What to work on: Print the first line of the data below and every one after it, through the line containing "I precisely transform", exactly as written.

Extracted records:
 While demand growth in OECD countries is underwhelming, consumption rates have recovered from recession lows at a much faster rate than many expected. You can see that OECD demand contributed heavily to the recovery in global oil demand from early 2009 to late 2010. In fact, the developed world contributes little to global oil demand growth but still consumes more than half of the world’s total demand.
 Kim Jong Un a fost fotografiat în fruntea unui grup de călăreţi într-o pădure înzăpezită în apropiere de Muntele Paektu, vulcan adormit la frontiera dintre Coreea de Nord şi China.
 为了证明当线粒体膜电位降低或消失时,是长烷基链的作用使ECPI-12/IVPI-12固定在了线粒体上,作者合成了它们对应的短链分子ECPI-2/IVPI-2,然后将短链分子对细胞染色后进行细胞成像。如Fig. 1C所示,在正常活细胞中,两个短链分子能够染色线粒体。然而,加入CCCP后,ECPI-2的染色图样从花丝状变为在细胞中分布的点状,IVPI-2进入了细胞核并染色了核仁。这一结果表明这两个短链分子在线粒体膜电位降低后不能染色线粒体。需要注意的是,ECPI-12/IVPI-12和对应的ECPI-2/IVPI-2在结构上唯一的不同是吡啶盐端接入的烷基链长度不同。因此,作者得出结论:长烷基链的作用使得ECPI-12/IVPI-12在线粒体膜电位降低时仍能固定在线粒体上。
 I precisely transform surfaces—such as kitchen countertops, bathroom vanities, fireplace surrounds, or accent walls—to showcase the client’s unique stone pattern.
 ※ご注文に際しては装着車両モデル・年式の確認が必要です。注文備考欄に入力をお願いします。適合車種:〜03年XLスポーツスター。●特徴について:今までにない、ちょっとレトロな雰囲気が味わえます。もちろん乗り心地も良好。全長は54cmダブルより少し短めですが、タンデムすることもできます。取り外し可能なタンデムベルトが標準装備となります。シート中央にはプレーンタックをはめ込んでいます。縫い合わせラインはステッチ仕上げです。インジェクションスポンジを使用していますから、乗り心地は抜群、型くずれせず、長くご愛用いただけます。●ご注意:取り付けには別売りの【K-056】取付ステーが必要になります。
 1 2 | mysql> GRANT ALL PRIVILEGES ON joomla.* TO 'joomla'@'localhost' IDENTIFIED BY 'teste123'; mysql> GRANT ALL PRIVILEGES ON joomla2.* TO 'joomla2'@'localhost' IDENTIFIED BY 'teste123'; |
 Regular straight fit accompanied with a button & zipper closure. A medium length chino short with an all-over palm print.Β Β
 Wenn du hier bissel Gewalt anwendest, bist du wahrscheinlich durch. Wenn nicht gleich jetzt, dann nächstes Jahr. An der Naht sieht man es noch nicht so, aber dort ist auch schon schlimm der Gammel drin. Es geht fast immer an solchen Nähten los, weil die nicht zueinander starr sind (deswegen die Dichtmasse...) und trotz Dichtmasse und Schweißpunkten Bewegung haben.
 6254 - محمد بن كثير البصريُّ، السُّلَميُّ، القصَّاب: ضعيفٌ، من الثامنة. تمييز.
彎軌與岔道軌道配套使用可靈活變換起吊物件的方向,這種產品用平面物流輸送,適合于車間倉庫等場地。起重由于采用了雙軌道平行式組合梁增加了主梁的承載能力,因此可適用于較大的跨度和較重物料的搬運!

Written response:
 While demand growth in OECD countries is underwhelming, consumption rates have recovered from recession lows at a much faster rate than many expected. You can see that OECD demand contributed heavily to the recovery in global oil demand from early 2009 to late 2010. In fact, the developed world contributes little to global oil demand growth but still consumes more than half of the world’s total demand.
 Kim Jong Un a fost fotografiat în fruntea unui grup de călăreţi într-o pădure înzăpezită în apropiere de Muntele Paektu, vulcan adormit la frontiera dintre Coreea de Nord şi China.
 为了证明当线粒体膜电位降低或消失时,是长烷基链的作用使ECPI-12/IVPI-12固定在了线粒体上,作者合成了它们对应的短链分子ECPI-2/IVPI-2,然后将短链分子对细胞染色后进行细胞成像。如Fig. 1C所示,在正常活细胞中,两个短链分子能够染色线粒体。然而,加入CCCP后,ECPI-2的染色图样从花丝状变为在细胞中分布的点状,IVPI-2进入了细胞核并染色了核仁。这一结果表明这两个短链分子在线粒体膜电位降低后不能染色线粒体。需要注意的是,ECPI-12/IVPI-12和对应的ECPI-2/IVPI-2在结构上唯一的不同是吡啶盐端接入的烷基链长度不同。因此,作者得出结论:长烷基链的作用使得ECPI-12/IVPI-12在线粒体膜电位降低时仍能固定在线粒体上。
 I precisely transform surfaces—such as kitchen countertops, bathroom vanities, fireplace surrounds, or accent walls—to showcase the client’s unique stone pattern.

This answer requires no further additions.